[BUG] continuous_factor errors out in _build_contrast
Describe the bug Setting continuous_factors in a DeseqDataSet exclusively causes an error in DeseqStats when building a contrast. However, if the same factor is included in the design_factors, it is converted to a Categorical type and works without error.
To Reproduce
dds = DeseqDataSet(
adata=adf,
design_factors=["treatment"],
continuous_factors=["time"],
ref_level=["treatment", "CTRL"],
)
stat_res_time = DeseqStats(dds, contrast=["time", "", ""])
The adf.obs.time.dtype is int64. This raises the following in the _build_contrast call:
The contrast variable ('time') should be one of the design factors.
Would just changing the check in _build_contrast in DeseqStats be enough?
pydeseq2 version: 0.4.11
Expected behavior The if statement should also check if the factor is in self.dds.continuous_factors
Screenshots If applicable, add screenshots to help explain your problem.
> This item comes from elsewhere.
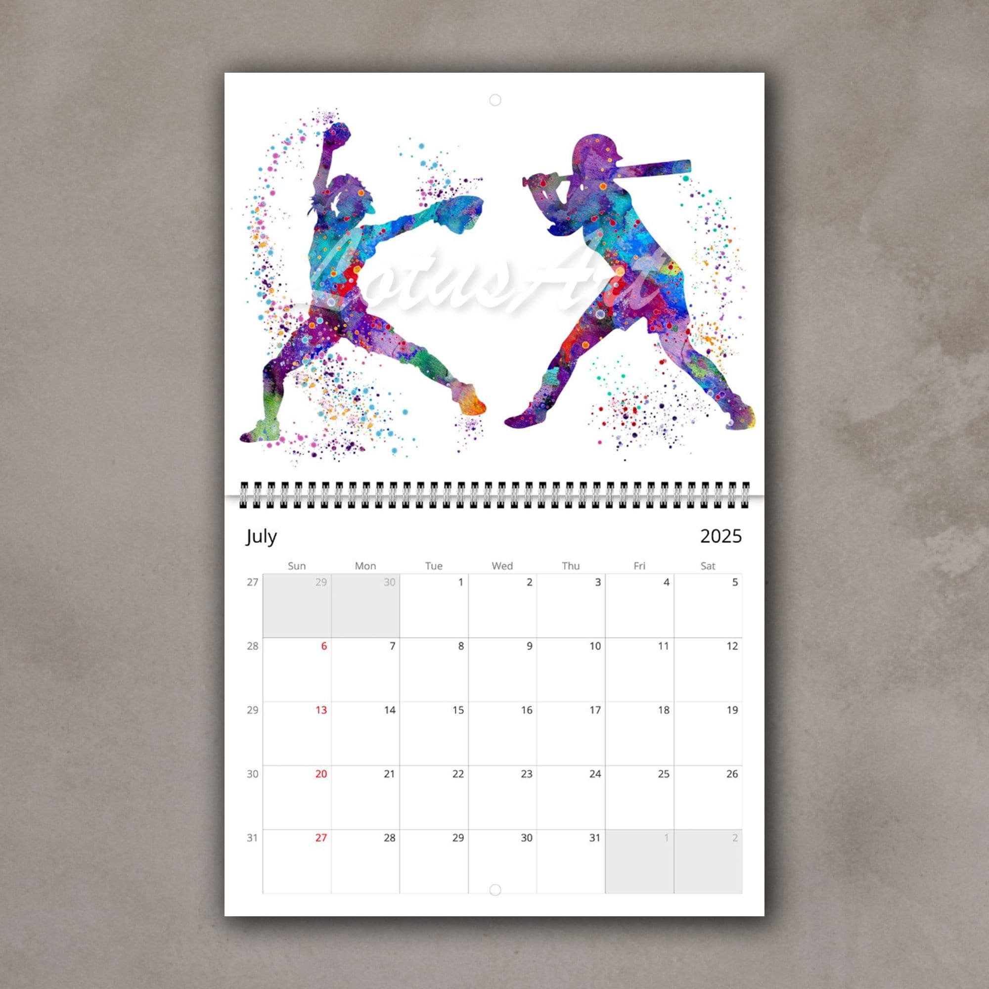 2025 Calendar Sports Watercolor Print Office Gift Kids Room Decor

Desktop (please complete the following information): Ubuntu 22.04
Additional context Add any other context about the problem here.
Hi @jeffhsu3,
Continuous factors must indeed also be listed as design factors. (This is the meaning - maybe not so clear - of the error message you get.)
I.e., in your case, the code should be changed to
dds = DeseqDataSet(
adata=adf,
design_factors=["treatment", "time"],
continuous_factors=["time"],
ref_level=["treatment", "CTRL"],
)
stat_res_time = DeseqStats(dds, contrast=["time", "", ""])
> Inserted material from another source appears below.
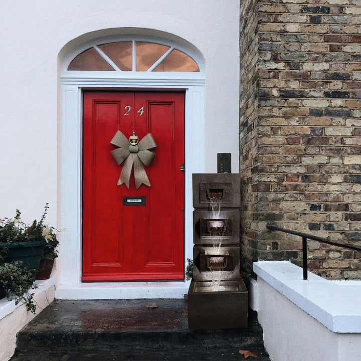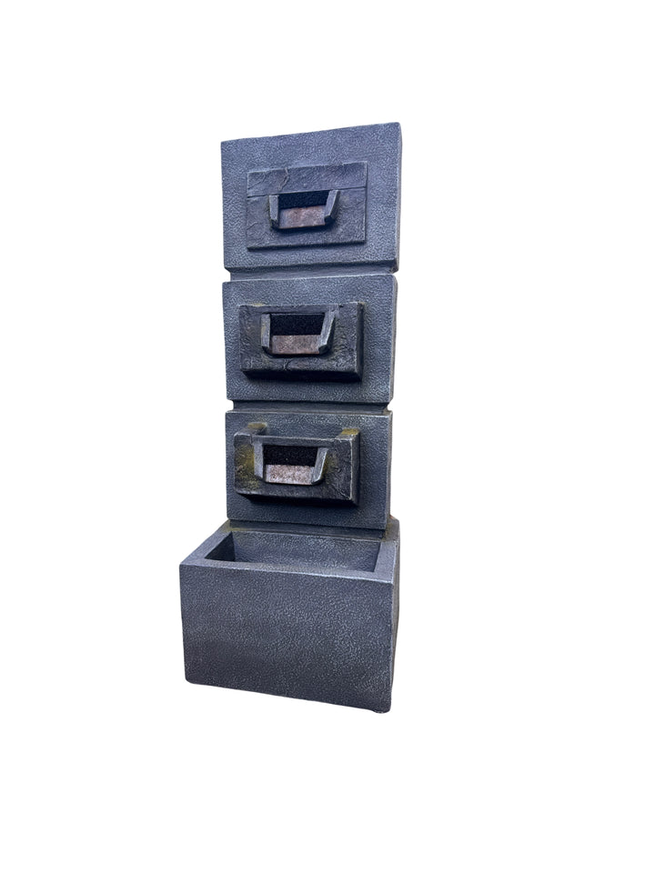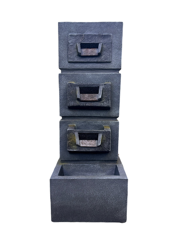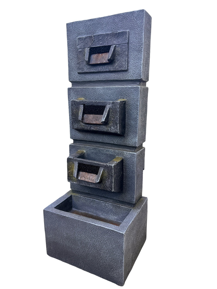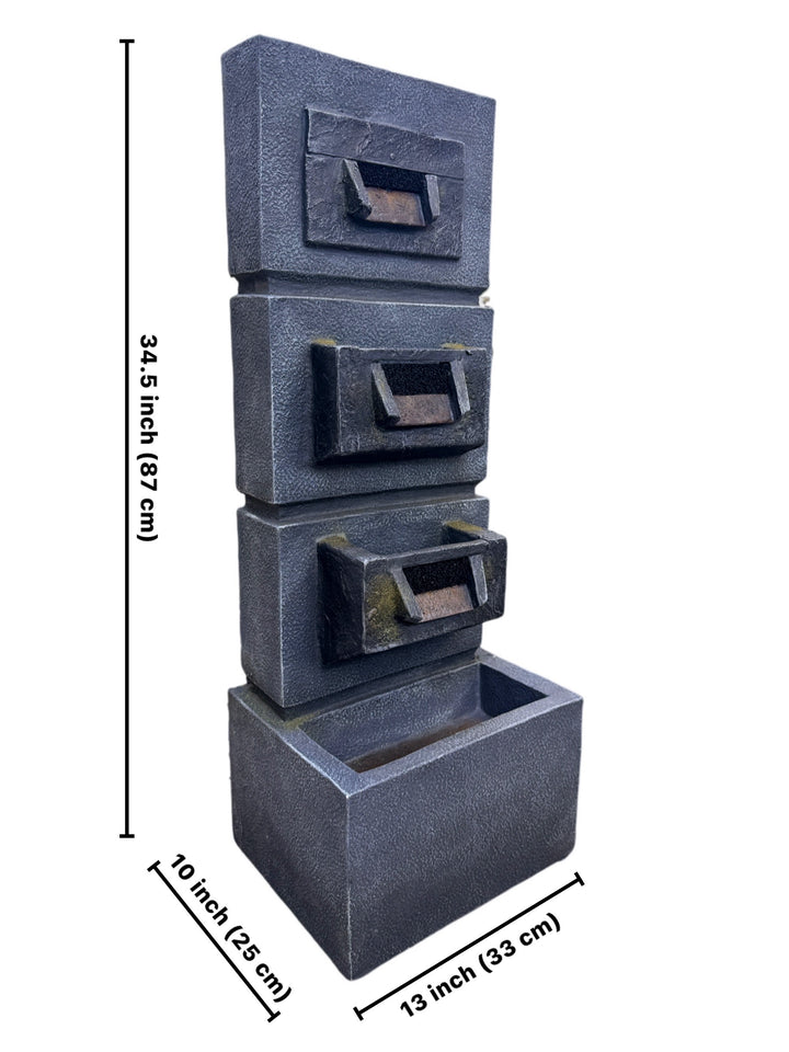 This unique outdoor garden water fountain is a striking addition to any outdoor space. Its distinctive geometric design allows water to flow gracefully over long surfaces, creating a majestic display and soothing water sounds that elevate the ambiance of your garden, porch, or deck.

You mentioned that this caused time to be treated as a categorical factor, could you provide an example of this behaviour?
Thanks!
Thanks!
The design matrix isn't affected, but the obs df is.
print(adf.obs.time.dtype) # Output: dtype('int64')
# After creating DeseqDataSet
dds = DeseqDataSet(
adata=adf,
design_factors=["treatment", "time"],
continuous_factors=["time"],
ref_level=["treatment", "CTRL"],
)
print(dds.obs.time.dtype) # Output: dtype('O')
print(dds.obsm['design_matrix']) # Output: dtype('int64')
Closing this because of #328